### WHAT TO PRODUCE
Below are the entries. Print only the lines starting at the one with "Accessのレポートヘッダーにタイトルを表示するには" and ending at the one with "نشان میدهد. | |", exactly, with no pictures.

AVAILABLE DATA Start Marker

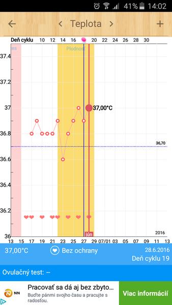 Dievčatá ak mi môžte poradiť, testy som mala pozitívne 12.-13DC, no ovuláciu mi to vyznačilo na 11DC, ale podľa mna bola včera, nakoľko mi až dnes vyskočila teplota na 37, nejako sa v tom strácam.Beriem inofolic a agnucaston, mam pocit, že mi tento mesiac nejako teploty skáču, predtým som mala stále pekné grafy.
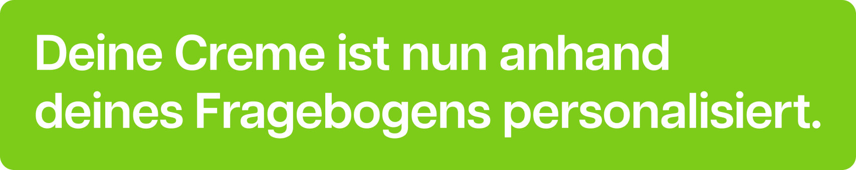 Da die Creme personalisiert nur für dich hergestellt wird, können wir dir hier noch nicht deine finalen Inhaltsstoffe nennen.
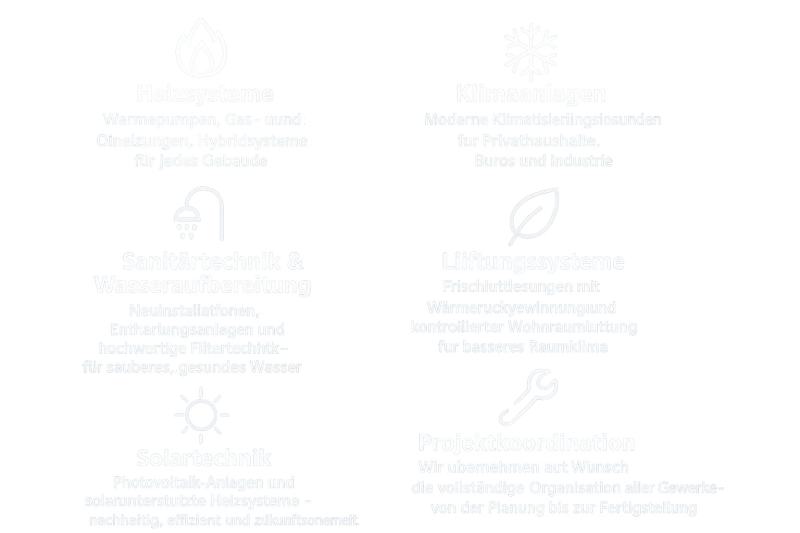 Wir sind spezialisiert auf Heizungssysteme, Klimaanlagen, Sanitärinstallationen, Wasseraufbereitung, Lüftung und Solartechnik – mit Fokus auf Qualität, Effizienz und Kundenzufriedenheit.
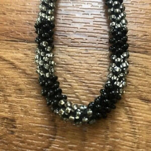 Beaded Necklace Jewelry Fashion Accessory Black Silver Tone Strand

AVAILABLE DATA End Marker
AVAILABLE DATA Start Marker

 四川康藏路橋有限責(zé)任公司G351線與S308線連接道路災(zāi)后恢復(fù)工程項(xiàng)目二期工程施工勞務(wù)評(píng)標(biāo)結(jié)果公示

AVAILABLE DATA End Marker
AVAILABLE DATA Start Marker

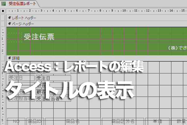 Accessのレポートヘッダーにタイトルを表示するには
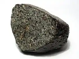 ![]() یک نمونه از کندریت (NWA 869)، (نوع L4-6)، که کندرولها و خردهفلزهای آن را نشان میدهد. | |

AVAILABLE DATA End Marker

### SOLUTION TO THE PROBLEM
 Accessのレポートヘッダーにタイトルを表示するには
 ![]() یک نمونه از کندریت (NWA 869)، (نوع L4-6)، که کندرولها و خردهفلزهای آن را نشان میدهد. | |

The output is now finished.